# charcoal/wood grills



## 007bond-jb (Apr 5, 2007)

I'm thinkin about buyin a new grill for grillin any ideas what the the best?


----------



## Bruce B (Apr 5, 2007)

Mr. Bond,

If I had the space and money was no object ($849-$999) I would buy a Weber Ranch Kettle.

1.  It's huge...1,104 sq. in.
2.  Can use lump charcoal with wood
3.  Capacity to cook for many people
4.  Wow factor
5.  Be the first on your block to own one

Seriously though, that's the way I would go. If not, then a 22 1/2" Weber Kettle, One Touch Gold


----------



## 007bond-jb (Apr 5, 2007)

Thanks BB I'll look into that one I found this one anybody know bout em.
http://www.tejassmokers.com/grill.htm
 Money is no object, But I don't want a trailer mounted deal  just one that will last forever in high humidity we have here & be super heavy duty


----------



## Bruce B (Apr 5, 2007)

The only thing I don't like about the Weber Ranch is the inability to adjust the   charcoal grate levels.
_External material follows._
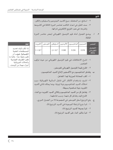رصانعلا صئاصخ يف ةيرودلا ةسداسلا ةدحولا ةطشنلأاو ةيلمعلا براجتلا باتك :يناثلا يساردلا لصفلا - رشع يداحلا فصلا - ءايميكلا

The Tejas you can, it appears to be made out of steel which I assume in your humidity might cause some rusting concerns but that looks like a helluva grill and I've never heard anything bad about Tejas smokers when they are discussed on other boards.

I don't see any dampers on the bottom or sides with that grill, how do you control the temps...with the top vents????


----------



## Finney (Apr 5, 2007)

Look into a Primo Oval.  Not the size of either of the two mentioned but if I had $900 to throw at a charcoal grill, that's what I would get.    
http://www.primogrill.com/


----------



## 007bond-jb (Apr 5, 2007)

Bruce B said:
			
		

> The only thing I don't like about the Weber Ranch is the inability to adjust the   charcoal grate levels. The Tejas you can, it appears to be made out of steel which I assume in your humidity might cause some rusting concerns but that looks like a helluva grill and I've never heard anything bad about Tejas smokers when they are discussed on other boards.
> 
> I don't see any dampers on the bottom or sides with that grill, how do you control the temps...with the top vents????



I don't know.
The only thing I'm not to keen on is the cookin grate, Cast iron would be better


----------



## Bruce B (Apr 5, 2007)

True dat.


----------



## Smokey_Joe (Apr 5, 2007)

Bruce B said:
			
		

> Mr. Bond,
> 
> If I had the space and money was no object ($849-$999) I would buy a Weber Ranch Kettle.
> 
> ...



Sorry............ but the wow factor??????....how's that?...WOW! you paid that much for that?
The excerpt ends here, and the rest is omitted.